Data —
>>>>
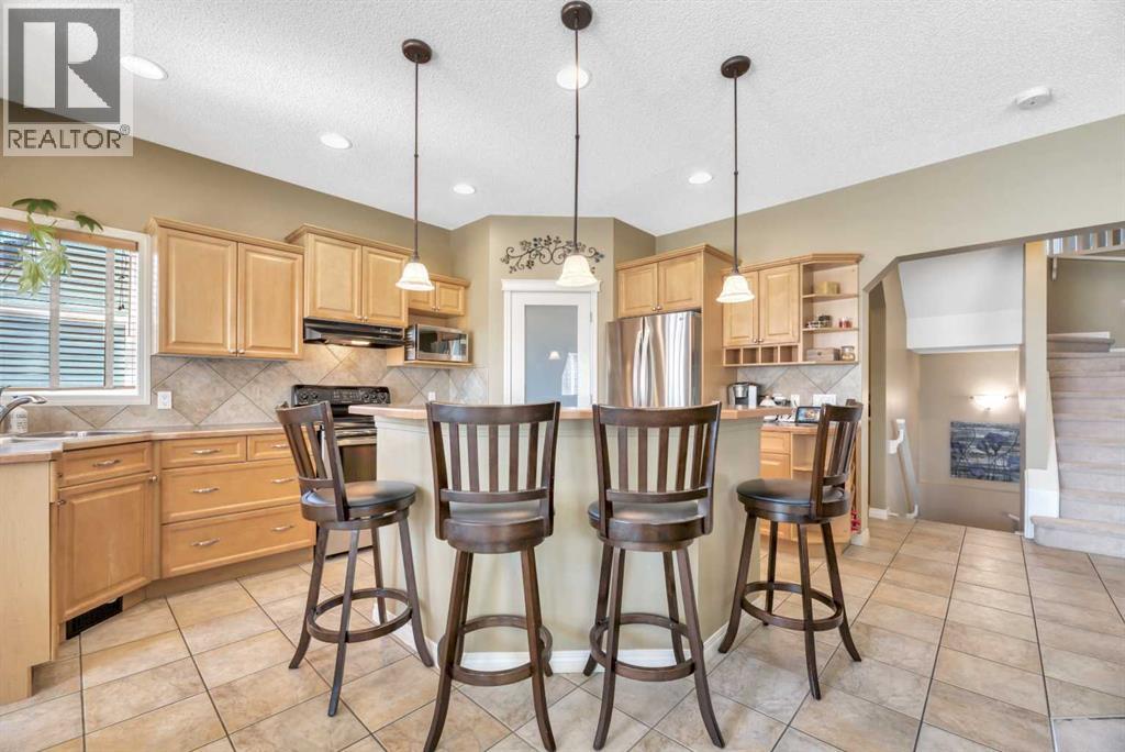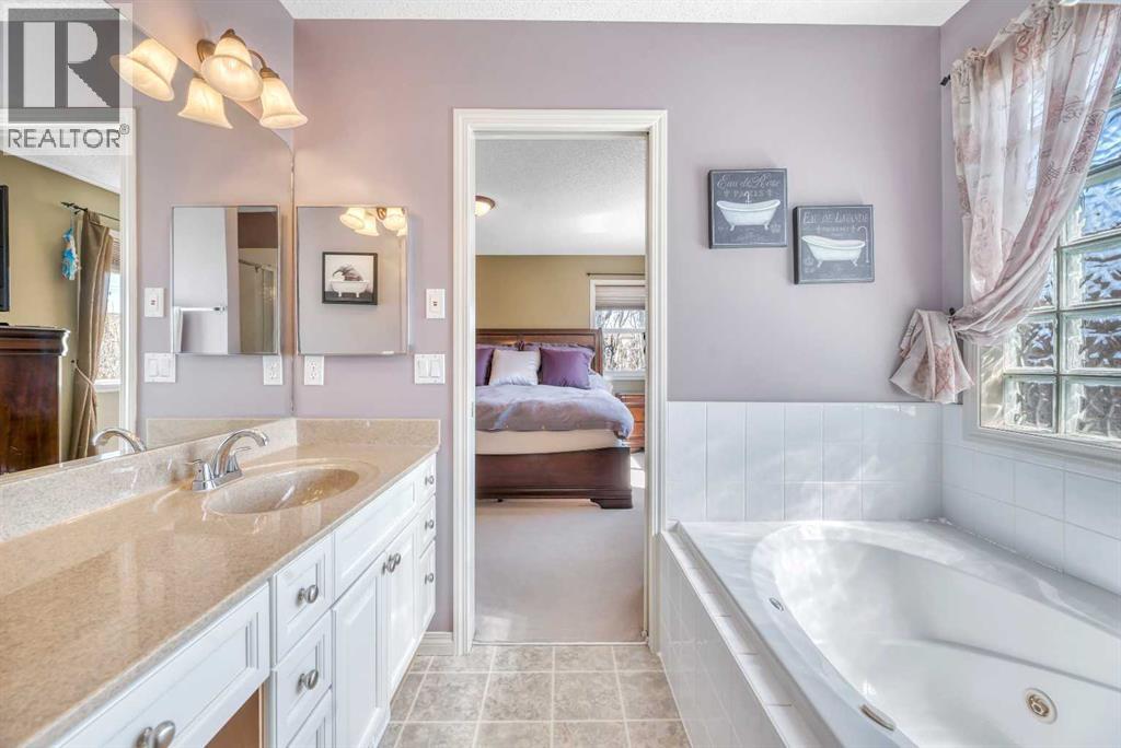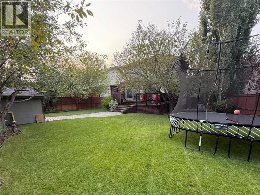 WOW! If you have been waiting for an immaculate home, with a HUGE LOT in a great location, with access to all of the benefits that Chaparral Lake has to offer, then you don't want to miss this one. With over 2500 sq ft of developed living space and an excellent floor plan, it is the perfect home for a growing family. The main floor features: a spacious foyer with a built-in bench to relax while changing footwear; a large living room with a gas fireplace; a dining room where you will enjoy your homemade "Poached Pear Dessert" from your own pear tree in the south facing backyard; a terrific kitchen with lots of cabinet & counterspace, a corner pantry, and a center island with a breakfast bar, all open to the main living space; main floor laundry and a 2 piece power room. The upper level features a great family room with lots of room to sit back and enjoy your favorite show or for the kids to play; 3 bedrooms including a very large primary suite with a jetted tub and a large walk-in closet; 2 secondary bedrooms for the kids and a 4 piece main bathroom. If you are an active family or a yard person, the huge backyard is a dream come true. Beautifully landscaped, with numerous trees for privacy and open spaces for recreational activities including room for a "Hockey Rink", you will have a tough time finding another one like this. If someone in the family enjoys puttering in their garage, there is even hot and cold water available in the garage. The current owners and their family have enjoyed this lovely home for many years, carefully maintaining and improving it over time: New Roof Shingles on the House and Shed, Siding, Garage Door, Exterior house trim painted, all in 2022; New Hot Water Tank in 2024, Humidifier, Air Conditioning, Kinetico Water softener & Reverse Osmosis system. This is one of those special properties that don't come along very often and combined with all of the amenities and enjoyment of living in a lake community make this home a must see! (id:55577)
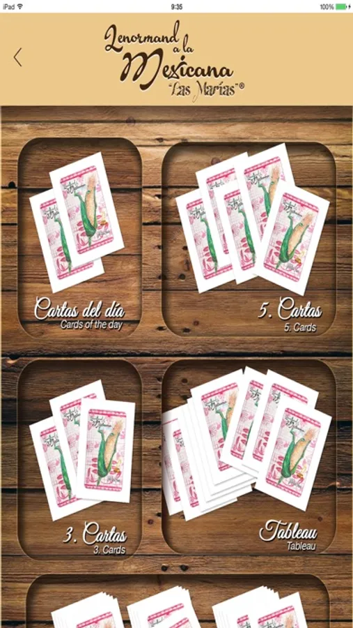 El usuario puede interpretar mediante la selección manual o barajado automático en versiones de "Lectura del día", "3 cartas", "5 Cartas", "Tableau" y "Grand Tableau"
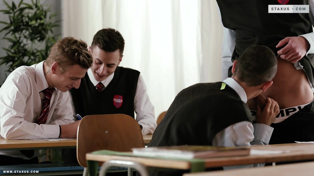 How we must all wish that we’d had a teacher like Sam Williams when we were at school. Not only is he an extremely sexy dude – as everyone who’s seen him in action prior to this point will surely tell you – but his educational techniques are ... well, how can we put it? Somewhat unconventional? Progressive? Judge for yourself, as he takes charge of a small group of students – Alan Benfelen, Darko Simic, Ryan Olsen and Jace Reed – and quickly takes the opportunity to demonstrate a blow-job on Olsen’s dick in front of the class.
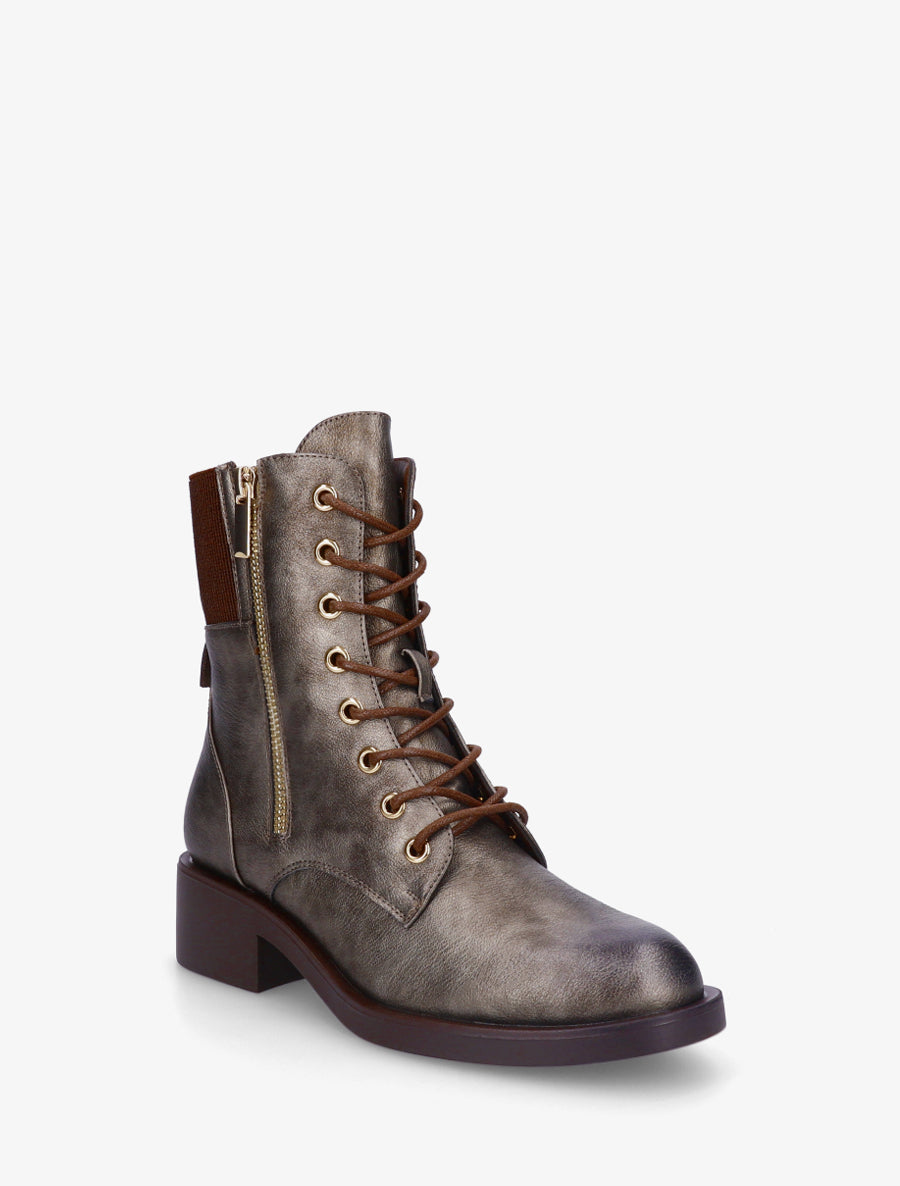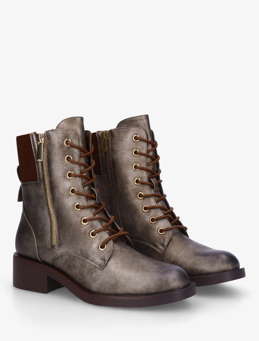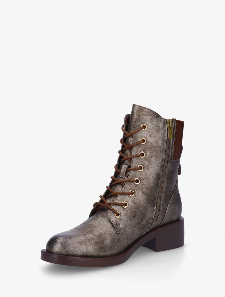 Ces boots montantes en simili nacré apportent une touche raffinée à votre garde-robe. Dotées d'un talon bloc de 4,5 cm et d'une tige de 15,5 cm, elles assurent confort et maintien optimal. La cheville élastiquée côtelée garantit un ajustement parfait, tandis que les lacets décoratifs et la fermeture zip intérieure facilitent l'enfilage. Leurs bouts ronds et leur finition bronze nacrée s'accordent aussi bien avec un jean qu'une robe pour un look urbain maîtrisé. Un modèle polyvalent qui traverse les saisons avec style.
<<<<
Problem — An exact copy of every line above, minus the pictures, is the required output.

Solution for this exercise —
 WOW! If you have been waiting for an immaculate home, with a HUGE LOT in a great location, with access to all of the benefits that Chaparral Lake has to offer, then you don't want to miss this one. With over 2500 sq ft of developed living space and an excellent floor plan, it is the perfect home for a growing family. The main floor features: a spacious foyer with a built-in bench to relax while changing footwear; a large living room with a gas fireplace; a dining room where you will enjoy your homemade "Poached Pear Dessert" from your own pear tree in the south facing backyard; a terrific kitchen with lots of cabinet & counterspace, a corner pantry, and a center island with a breakfast bar, all open to the main living space; main floor laundry and a 2 piece power room. The upper level features a great family room with lots of room to sit back and enjoy your favorite show or for the kids to play; 3 bedrooms including a very large primary suite with a jetted tub and a large walk-in closet; 2 secondary bedrooms for the kids and a 4 piece main bathroom. If you are an active family or a yard person, the huge backyard is a dream come true. Beautifully landscaped, with numerous trees for privacy and open spaces for recreational activities including room for a "Hockey Rink", you will have a tough time finding another one like this. If someone in the family enjoys puttering in their garage, there is even hot and cold water available in the garage. The current owners and their family have enjoyed this lovely home for many years, carefully maintaining and improving it over time: New Roof Shingles on the House and Shed, Siding, Garage Door, Exterior house trim painted, all in 2022; New Hot Water Tank in 2024, Humidifier, Air Conditioning, Kinetico Water softener & Reverse Osmosis system. This is one of those special properties that don't come along very often and combined with all of the amenities and enjoyment of living in a lake community make this home a must see! (id:55577)
 El usuario puede interpretar mediante la selección manual o barajado automático en versiones de "Lectura del día", "3 cartas", "5 Cartas", "Tableau" y "Grand Tableau"
 How we must all wish that we’d had a teacher like Sam Williams when we were at school. Not only is he an extremely sexy dude – as everyone who’s seen him in action prior to this point will surely tell you – but his educational techniques are ... well, how can we put it? Somewhat unconventional? Progressive? Judge for yourself, as he takes charge of a small group of students – Alan Benfelen, Darko Simic, Ryan Olsen and Jace Reed – and quickly takes the opportunity to demonstrate a blow-job on Olsen’s dick in front of the class.
 Ces boots montantes en simili nacré apportent une touche raffinée à votre garde-robe. Dotées d'un talon bloc de 4,5 cm et d'une tige de 15,5 cm, elles assurent confort et maintien optimal. La cheville élastiquée côtelée garantit un ajustement parfait, tandis que les lacets décoratifs et la fermeture zip intérieure facilitent l'enfilage. Leurs bouts ronds et leur finition bronze nacrée s'accordent aussi bien avec un jean qu'une robe pour un look urbain maîtrisé. Un modèle polyvalent qui traverse les saisons avec style.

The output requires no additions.